Esse holocausto está tão arraigado e justificado socialmente que não se discute e nem se percebe uma grande incoerência patente na imagem de indígenas, que resistem com pedras e foices às forças de segurança que exigem o cumprimento da ordem judicial com bombas de efeito moral, treinamento policial para momentos de crise e armas de fogos para “segurança” da tropa. E qual é a incoerência? Desproporcionalidade de força e organização entre a resistência indígena Terena e as forças de segurança pública. Desproporcionalidade vivida no dia da resistência que significa enfrentamento da violência dos jagunços, da estigmatização negativa da mídia, do preconceito social, do peso da corrupção e da articulação política e econômica de proprietários de terras com membros dos poderes judiciário, legislativo e executivo e a mídia nacional, denunciados diariamente por movimentos sociais, pesquisadores personalidades políticas e ONGs.

A morte do indígena Terena Oziel Gabriel nos impõe uma grande questão política: houve incompetência e ineficiência das forças policiais ou uma operação de extermínio indígena? A justiça não se fará apenas punindo os culpados e apurando-se os fatos, mas, sim, produzindo ações que levem a sociedade brasileira a repudiar e a combater a prática social, corriqueira e rotineira, de eliminação física e social de indivíduos e grupos sociais indesejáveis ou descartáveis para o “bom funcionamento da vida social”.

Como construir uma ordem social democrática respeitada se alguns grupos sociais e indivíduos querem se colocar acima dela e colocar outros fora dela? Ou melhor, como falar em império da Lei se há cidadãos mais iguais do que os outros? Não seria essa a primeira violência a ser combatida? A violência do monopólio privado da Justiça e dos Direitos? Solidarizo-me com a população indígena sul-mato-grossense que resiste sem medo e destemor, dando a vida e o sangue, contra o poder instituído que lhes nega o direito de viver.

Referência Bibliográfica

CARNEIRO DA CUNHA, Manuela.(org.). História dos Índios no Brasil. São Paulo, Companhia das Letras, 1992.

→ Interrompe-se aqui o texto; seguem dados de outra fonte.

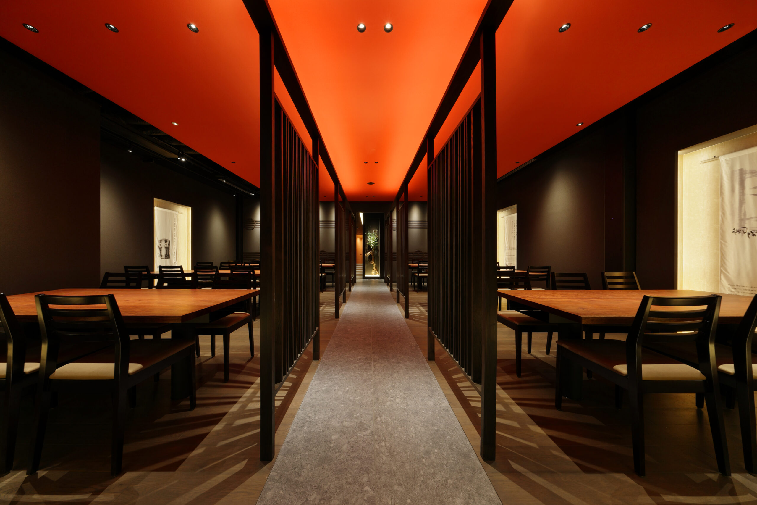 通路ー客席の間には間仕切り格子を配置し、他のテーブル席や往来の人の視線が遮られるよう工夫しました。吊り天井は赤で「肉」を表現しており、天井を際立たせるために壁は色味を抑えた黒にしています。

CIMI. AS VIOLÊNCIAS CONTRA OS POVOS INDÍGENAS EM MATO GROSSO DO SUL: E as resistências do Bem Viver por uma Terra Sem Males. Dados: 2003–2010. MS:CIMI/MS, 2011 Disponível em:<http://www.cimi.org.br/pub/MS/Viol_MS_2003_2010.pdf >.Consultado em:30.05.2013

EREMITES DE OLIVEIRA, Jorge; PEREIRA, Levi Marques. TERRA INDÍGENA BURITI: perícia antropológica, arqueológica e histórica sobre uma terra terena na Serra de Maracaju, Mato Grosso do Sul. Dourados,Ms: EDITORA UFGD, 2012. Disponível em: <http://www.ufgd.edu.br/editora/catalogo/terra-indigena-buriti-pericia-antropologica-arqueologica-e-historica-sobre-uma-terra-terena-na-serra-de-maracaju-mato-grosso-do-sul-jorge-eremites-de-oliveira-e-levi-marques-pereira >.

*Igor Vitorino da Silva – Historiador e professor de História Campus Nova Andradina/IFMS.